# Pre contest judges needed



## Waybueno (Jun 13, 2010)

I wanna do a virtual show contest, with both western and english events. Which means I need some judges because as a western rider I dont know what to look for in pictures in english events where a english rider will. And alot of english riders wouldnt know what to look for in a western event.

So so far im judging the following classes.
Barrels
Poles
Reining
Cutting


Western events that need judges

Western Pleasure
Trail Class
Horse showmanship
Halter class


English events that need judges.

Show Jumping
Dressage
Cross country jumping
English pleasure



Form
Username:
Age:
Disciplines you want to judge(can be more than one):
Experience:



When this show gets going its gonna be organized and their will be picture requirements such on and so fourth.

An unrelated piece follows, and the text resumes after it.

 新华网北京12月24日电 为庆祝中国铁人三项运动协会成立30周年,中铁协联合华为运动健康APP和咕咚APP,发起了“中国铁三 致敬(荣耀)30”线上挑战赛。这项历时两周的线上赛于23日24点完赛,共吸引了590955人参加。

*Also if you know of other events you want included feel free to suggest.*
​


----------



## ShadowSpazzz (Aug 9, 2010)

Username: ShadowSpazzz
Age: 19
Disciplines you want to judge(can be more than one): I can take them all if you like
Experience: Showing for years in every discipline listed!!


----------



## LoveStory10 (Oct 31, 2009)

Username: LoveStory10
Age:16
Disciplines you want to judge(can be more than one): Showjumping
Experience: Ive been photographing showjumping for about 2 years, and Ive been showjumping for about 5 years. I know its not much but I would really like to judge


----------



## Waybueno (Jun 13, 2010)

Okay then lovestory you will judge show and cross country jumping since you have experience in jumping.

Shadow you will judge 
Horse showmanship
Halter class
Trail Class
Dressage
English pleasure 

Ill go post the thread for the contest now.

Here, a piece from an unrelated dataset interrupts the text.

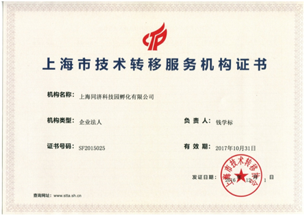 作为国家科技部A类国家级科技企业孵化器,上海同济科技园孵化器有限公司不仅被科技部火炬中心认定为大学生科技创业见习基地试点单位,并连续七年被评定为上海市科技孵化协会考评优秀单位、以及国家首批小型微型企业创业创新示范基地,近期又荣获“上海市技术转移服务机构”称号,为后期的服务拓宽了领域。

Ill message you when judging will begin.


----------



## rraylutz210 (Jun 24, 2010)

Username: rraylutz210
Age: 18
Disciplines you want to judge: western pleasure, trail class, showmanship, halter, english pleasure. I can do others but I'm not as experienced in others.
Experience: riding and showing in each discipline as well as training and teaching each discipline.


​
​


----------



## sorelhorse (Feb 16, 2009)

sorelhorse
16
Western Pleasure
Trail Class
Horse showmanship
Halter class

I show all over america at paint and pinto worlds. i know what is good and bad. i also have my own wp, showmanship.trail/halter horse


----------



## sorelhorse (Feb 16, 2009)

i can also do english pleasure


----------